Faktanya: Tidak ada perbedaan antara hasrat dan dorongan seksual perempuan dan laki-laki. Hasrat seksual dan kenikmatan seksual perempuan bisa sama besar dan/sama kecilnya dengan laki-laki. Karena organ seksual hampir sama. Contoh: clitoris perempuan punya susunan syaraf yang identik dengan syaraf pada kepala penis laki-laki. Yang membedakan adalah, pada banyak budaya, perempuan diajarkan dan dituntut untuk tidak boleh mempertunjukkan hasrat/dorongan seksual serta seksualitasnya pada orang lain. Perempuan yang mempertunjukkan sikap dan perilaku yang berlawanan dengan tuntutan dan tekanan sosial masyarakat ini, akan dicap dan di-stigma sebagai perempuan “tidak baik-baik”. Hal ini mendorong perempuan untuk berupaya tidak menunjukkan hasrat seksualnya kepada orang lain, bahkan pasangannya sekalipun; mereka jadi terlihat pasif dalam hal dorongan seksual. Satu hal yang pasti, tiap perempuan akan berbeda-beda dalam hal tingkat/level hasrat/dorongan seksualnya. Bahkan pada satu individu perempuan, ada saat-saat tertentu dimana hasrat/dorongan seksual ini bisa meningkat ataupu menurun – misalnya selama kehamilan, beberapa perempuan bisa mengalami penurunan hasrat seksual.

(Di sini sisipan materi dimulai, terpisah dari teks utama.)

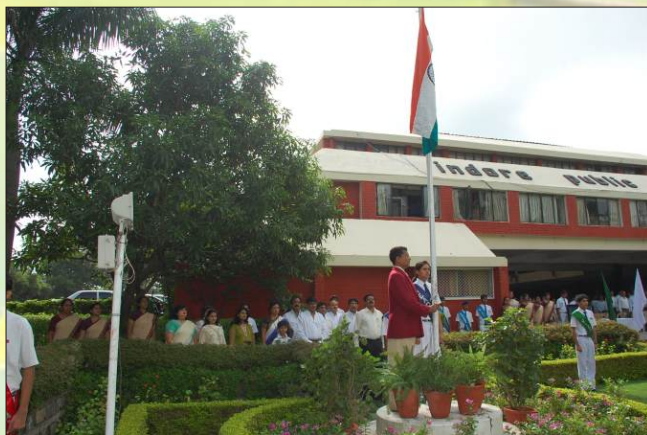
Independence Day celebrated - August 15,2010

Approved by UGC, AICTE, COA, NCTE, PCI,BCI, M.P.Govt. & Affiliated to DAVV Indore, RGPV Bhopal, IKSVV Khairagarh RMSTS&AVV Gwalior, MCRPV Bhopal, YCMOU Nasik Universities.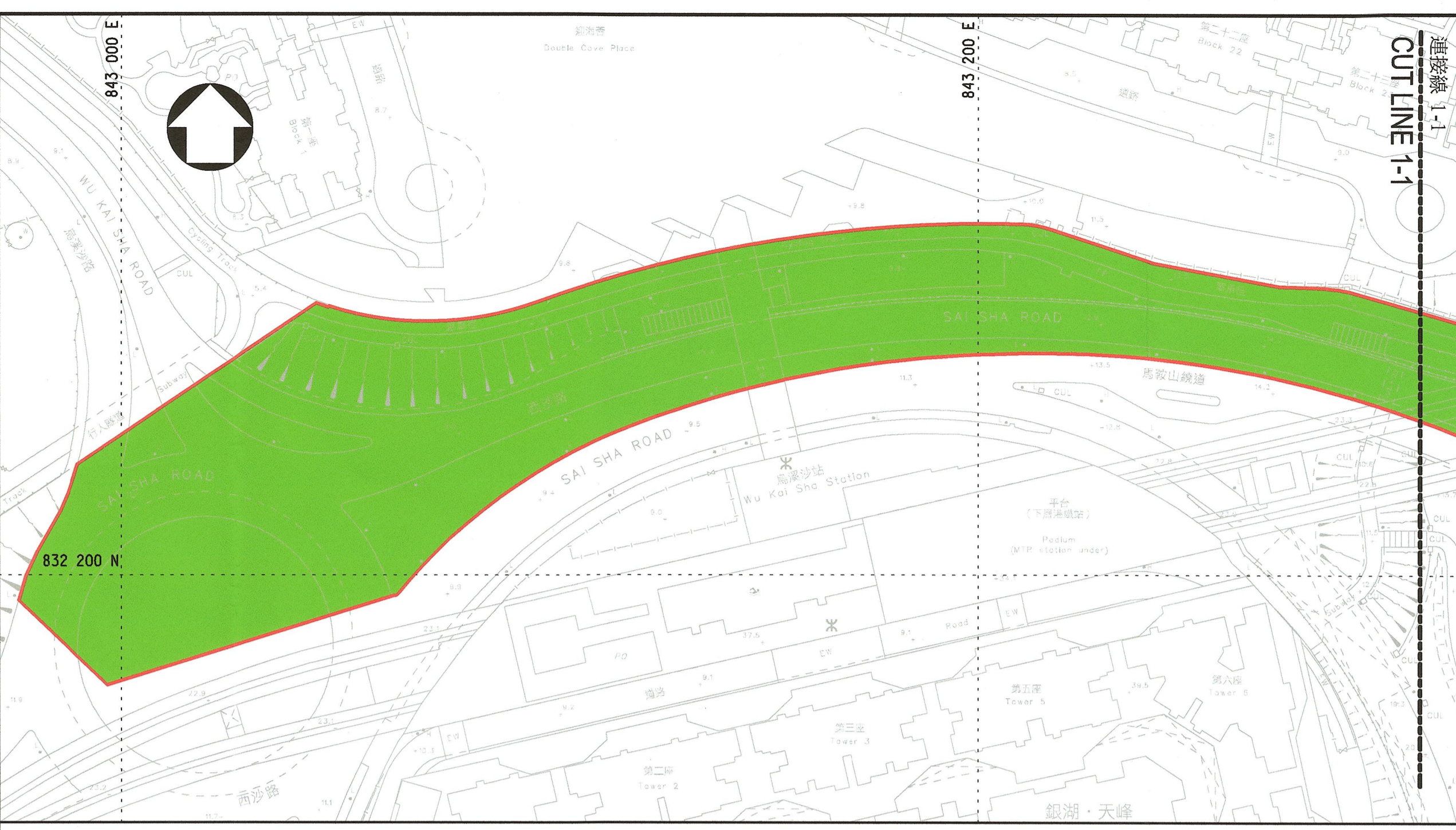
插圖A INSET A 比例 SCALE 1:1000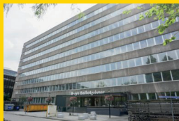
Buys Ballot building (BBG)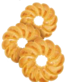
"Alem" classic sugar cookies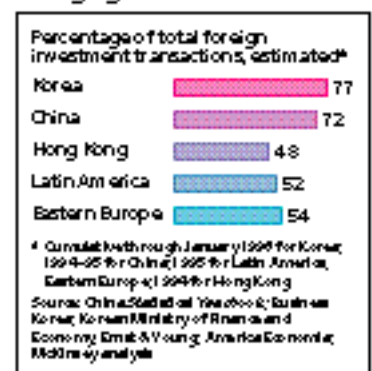
ENR12 Importance of alliances in emerging markets

Why are joint ventures in emerging markets proving so difficult? The answer lies in the fact that multinationals and companies in emerging markets must overcome formidable differences if they are to develop successful alliances.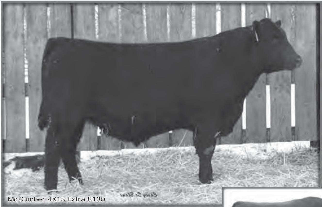
Mc Cumber 4X13 Extra 8130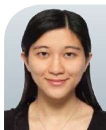
TSE WINNIE SINOPEC CENTURY BRIGHT CAPITAL INVESTMENT LIMITED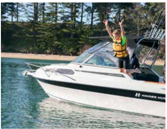
A day on the water with family and friends is hard to beat!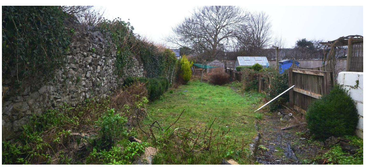
****VIRTUAL VIEWING AVAILABLE***

A well-presented end terraced house located in the popular area of Ropewalk Terrace in Pembroke, within walking distance of Pembroke town centre. The layout of the property briefly comprises entrance hall, kitchen, Shower Room, Lounge, two bedrooms, En suite shower room, and WC. Externally the property offers an enclosed garden to the rear.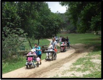
Inclusive Walking Trail

Along the scenic coastal route lies Zichron Yaakov , a charming village filled with culture and history. Tour through the pedestrian cobblestone streets to see stunning views of the Mediterranean shore, explore the quaint brick-paved downtown district, and learn about the town's rich Zionist history.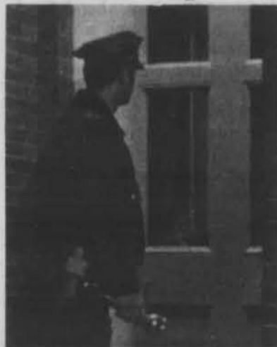
Above, security detail positions itself to cut off escape route.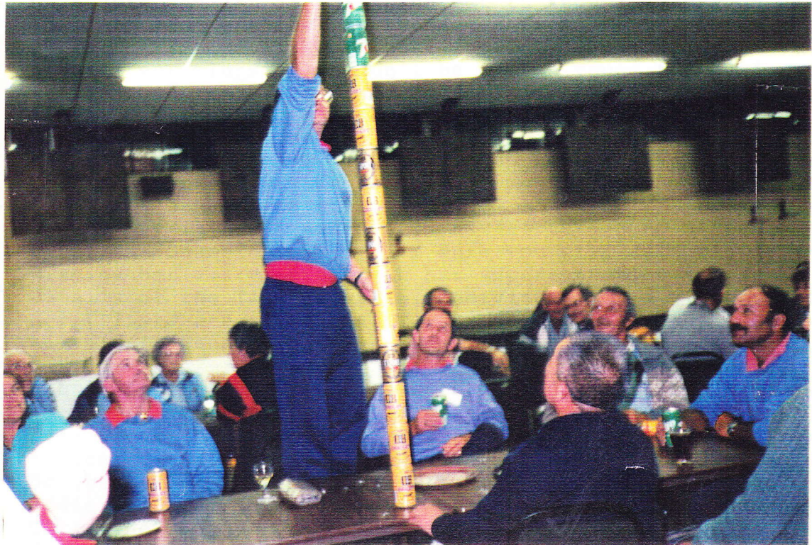
A few cans of beer and Waitemata reach an all time high

Memories of Palmerston North and the 3rd Veterans Championships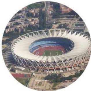
27, In front of Metro Pillar No. 196, Paschim Vihar Extension, Delhi – 110063 Molecular Diagnostics and Therapy – Paschim Vihar, Delhi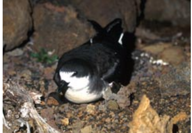
The Hawaiian Petrel, or ‘Ua‘u, has no effective defenses against cats and other non-native predators.

Kaua‘i, Hawaii, Moloka‘i, and Lehua: Approximately 75% of the federally threatened ‘A‘o, or Newell’s Shearwater, nest on Kauai, and indications are that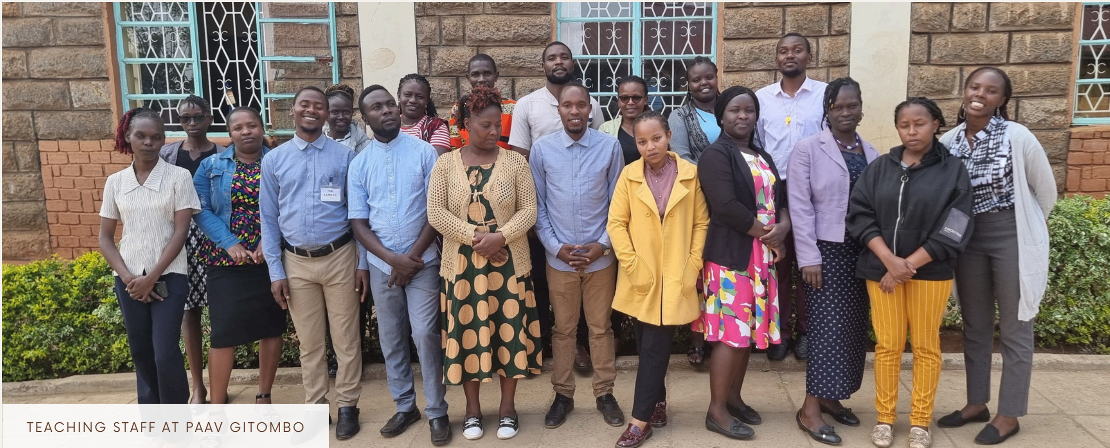
TEACHING STAFF AT PAAV GITOMBO

Most of the teachers are from all over Kenya and are graduates of various Colleges and Universities.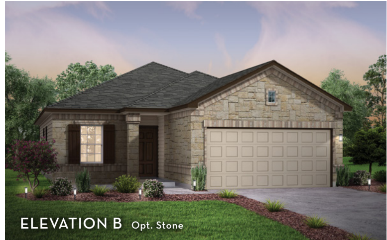
ELEVATION B Opt. Stone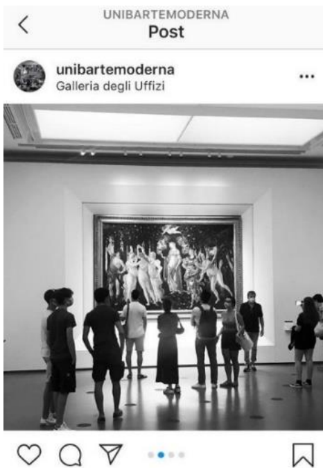
Fig. 6: An Instagram post of @Unibartemoderna.

Without claiming to be complete, it will suffice to mention here how the MiBACT (Ministry of Cultural Heritage and Activities and Tourism) has renewed its YouTube channel, uploading short illustrative videos of those museums, collections and archaeological sites on a daily basis to which the health seals had been placed, finally trying to involve the much-discussed 'non-public' (Solima, 2020). We also tried to intercept the public through a social network with a younger target like Instagram, for which the hashtag #artyouready was specially designed, which today has more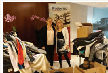
A Wider Circle Clothing Drive WASHINGTON, D.C.

For more information, visit our website at bradley.com/foundation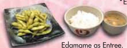
Edamame as Entree.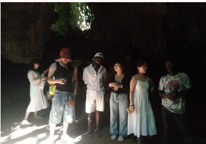
At Shimoni Slave Caves

Mitos II: Perempuan punya hasrat seksual yang jauh lebih besar dari laki-laki, sehingga harus dikontrol/dicegah, misalnya lewat mutilasi genital perempuan/sunat perempuan.

Faktanya: Lihat Fakta dari Mitos I di atas. Tidak ada perbedaan antara hasrat/dorongan seksua llaki-laki dan perempuan, karena faktor biologisnya. Malahan, jika kita memasukkan faktor sosial-budaya, dimana di banyak budaya, salah satu indikator laki-laki jantan adalah yang terus-menerus mempunyai hasrat/dorongans eksual yang besar, maka laki-laki biasa mempertunjukkan hasrat/dorongan seksual yang sangat besar, yang mudah diterima oleh masyarakat (mis.nya memiliki istri lebih dari satu untuk menghindarkan zinah). Hal ini diperbesar lagi, oleh adanya beberapa budaya yang memperbolehkan laki-laki melakukan pemaksaan seksual kepada pasangannya

Mitos III. Perempuan akan terpuaskan secara seksual apabila melakukan hubungan seksual dengan penis yang besar dan panjang.

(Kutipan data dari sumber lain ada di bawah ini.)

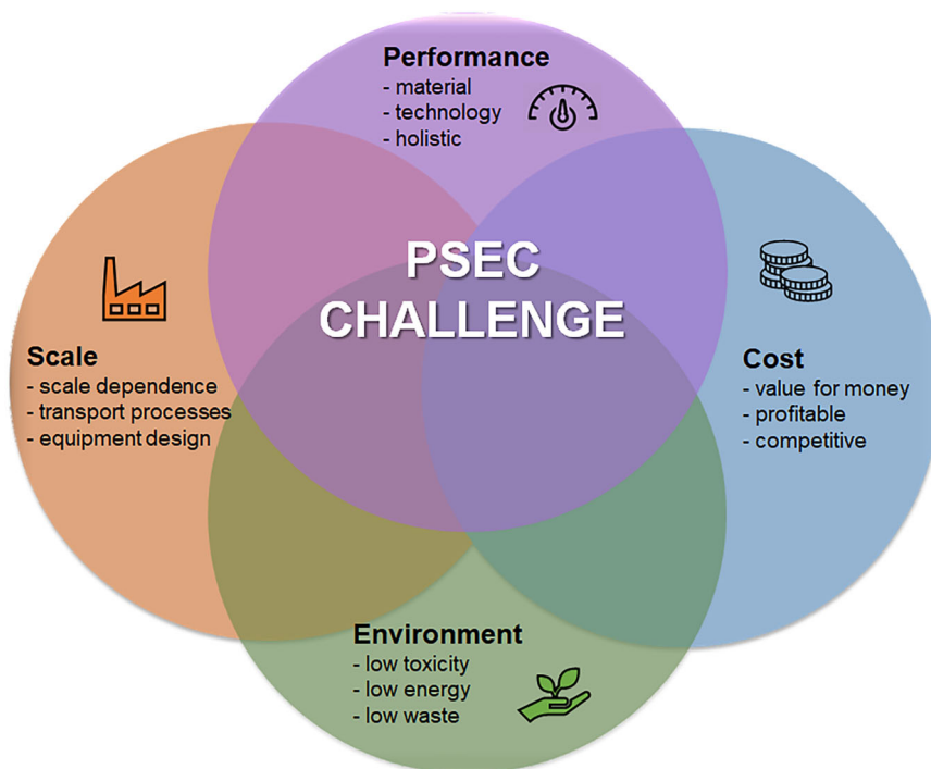
Fig. 1 The PSEC development challenge for sustainable and scalable enabling technology. Thorough multi-criteria thinking can be achieved via the PSEC development challenge (i.e. P erformance, S calability, E nvironment and C ost) which will help address specific barriers to commercial success.

Faktanya: Kenikmatan seksual pada perempuan biasanya tercapai apabila ada cukup pemanasan/foreplay, karena banyak perempuan butuh waktu untuk membangkitkan hasrat seksualnya. Dengan pemanasan yang cukup, ditambah dengan perangsangan yang tepat pada organ-organ seksual perempuan – terutama pada klitoris (daging kecil yang menonjol dibagian luar kelamin perempuan – biasa juga disebut dengan “kacang”) dan pada Titik G (daerah pada dinding depan vagina, kira-kira 3-5 cm dari mulut liang vagina). Untuk merangsang dua organ seksual pada perempuan yang cukup penting ini, tidak diperlukan penis dengan ukuran raksasa.  Hanya dibutuhkan ketrampilan dan teknik yang tepat untuk merangsangnya. Sekali lagi, yang paling penting adalah adanya situasi/suasana yang membangkitkan ‘mood’ perempuan untuk memulai aktifitas seksual, foreplay/pemanasan yang cukup, dan teknik yang tepat untuk merangsang klitori dan titik G. Untuk merangsang clitoris dan Titik G secara bersamaan, maka posisi ‘woman on top’ (Perempuan di atas) adalah pilihan terbaik untuk posisi berhubungan seksual.

Mitos IV. Perempuan senang apabila hubungan seks dilakukan dengan keras/kasar dan dengan tempo yang cepat. Persis seperti yang ditunjukkan oleh kebanyakan film BF/Porno

Fakta: Dalam kehidupan nyata, jarang sekali perempuan komplen pada pasangannya, tentang aktifitas seks yang kurang kasar/keras ataupun kurang cepat temponya. Banyak perempuan yang lebih menginginkan ‘terhubung’/’connected’ dengan pasangannya selama berhubungan seksual, ingin mendapatkan perlakuan yang lebih lembut dan perlahan, dengan lebih banyak sentuhan pada area-area sensitif di tubuhnya. Oleh karena itu, penting untuk pasangan mengetahui area-area sensitive pada perempuan pasangannya, agar dapat melakukan sentuhan-sentuhan tersebut. Area-area sensitive pada perempuan ini akan berbeda-beda antara satu perempuan dan perempuan lain, dan bisa saja pada satu individu perempuan, area sensitive ini berubah-ubah pada waktu-waktu tertentu. Misalnya, pada beberapa perempuan dimana area sensitifnya adalah puting susu ataupun payudara, bisa saja pada saat menjelang haid, area-area ini menjadi area yang terlalu sensitive untuk disentuh – dan malah menimbulkan rasa nyeri dan bukan kenikmatan.  Komunikasi dengan pasangan, menjadi sangat penting.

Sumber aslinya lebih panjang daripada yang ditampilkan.